─── COLLECTED DATA
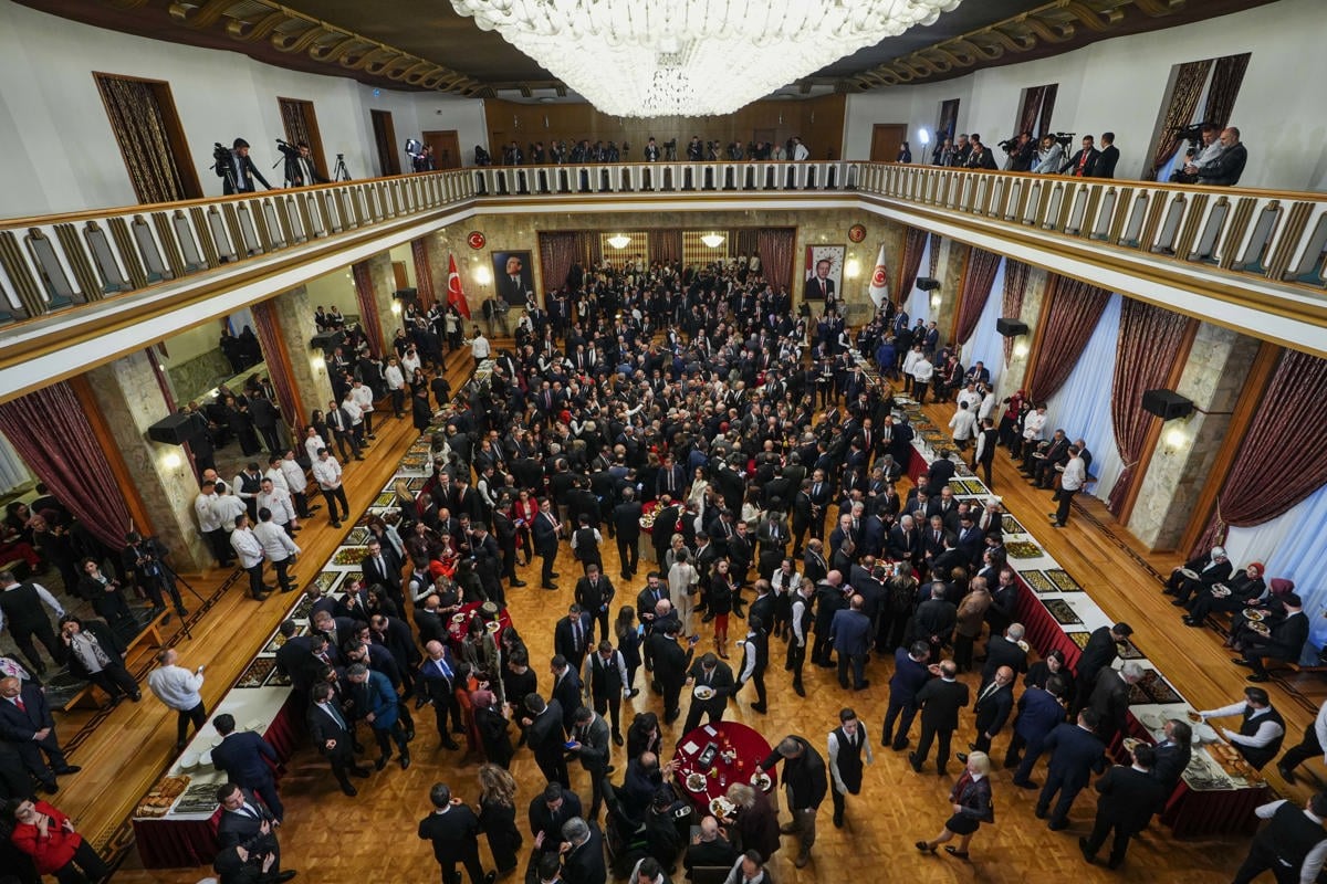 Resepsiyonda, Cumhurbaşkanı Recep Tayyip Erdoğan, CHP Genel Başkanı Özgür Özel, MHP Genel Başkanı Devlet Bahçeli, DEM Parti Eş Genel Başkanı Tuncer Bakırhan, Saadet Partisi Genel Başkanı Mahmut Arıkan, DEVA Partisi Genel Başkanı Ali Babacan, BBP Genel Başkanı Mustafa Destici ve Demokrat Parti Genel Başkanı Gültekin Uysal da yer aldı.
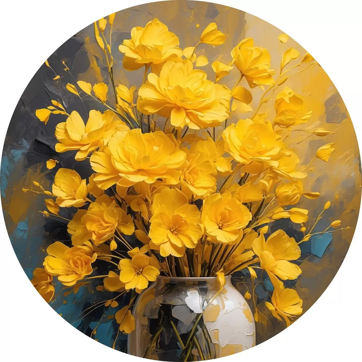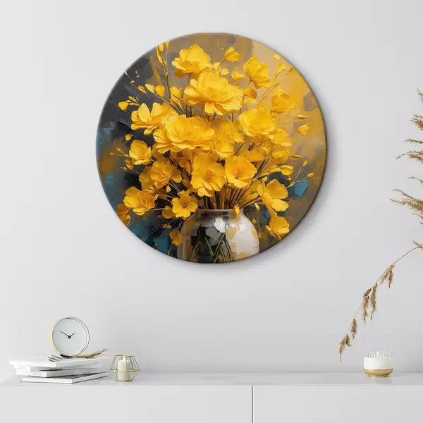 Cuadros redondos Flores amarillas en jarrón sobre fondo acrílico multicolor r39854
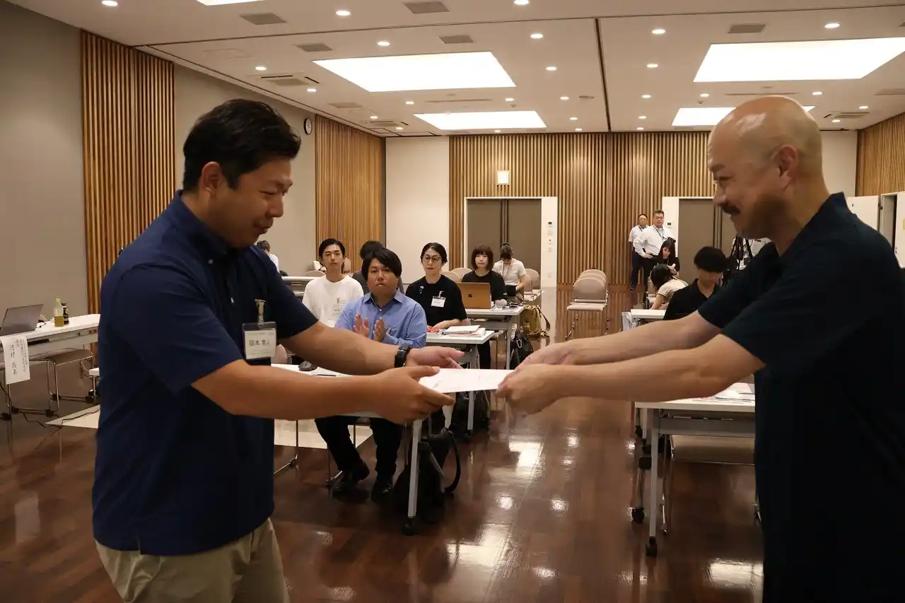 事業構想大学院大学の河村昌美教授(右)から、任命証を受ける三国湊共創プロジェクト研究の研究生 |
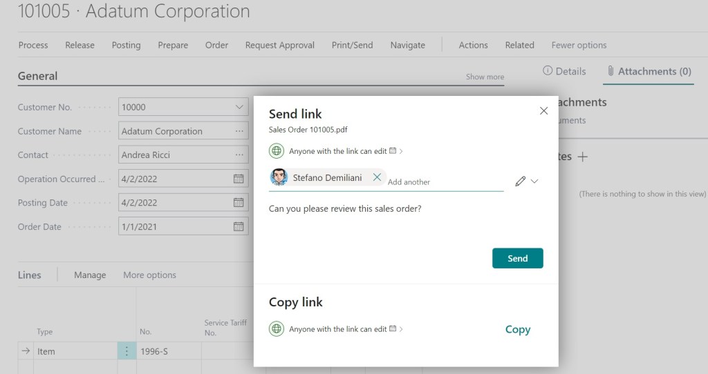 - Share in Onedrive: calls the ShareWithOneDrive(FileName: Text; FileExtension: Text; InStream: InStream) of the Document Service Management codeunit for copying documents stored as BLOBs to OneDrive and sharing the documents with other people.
──────
*WHAT YOU ARE ASKED TO DO*.
Images are to be skipped, and each line above is to be returned exactly.

*WRITTEN RESPONSE*.
 Resepsiyonda, Cumhurbaşkanı Recep Tayyip Erdoğan, CHP Genel Başkanı Özgür Özel, MHP Genel Başkanı Devlet Bahçeli, DEM Parti Eş Genel Başkanı Tuncer Bakırhan, Saadet Partisi Genel Başkanı Mahmut Arıkan, DEVA Partisi Genel Başkanı Ali Babacan, BBP Genel Başkanı Mustafa Destici ve Demokrat Parti Genel Başkanı Gültekin Uysal da yer aldı.
 Cuadros redondos Flores amarillas en jarrón sobre fondo acrílico multicolor r39854
 事業構想大学院大学の河村昌美教授(右)から、任命証を受ける三国湊共創プロジェクト研究の研究生 |
 - Share in Onedrive: calls the ShareWithOneDrive(FileName: Text; FileExtension: Text; InStream: InStream) of the Document Service Management codeunit for copying documents stored as BLOBs to OneDrive and sharing the documents with other people.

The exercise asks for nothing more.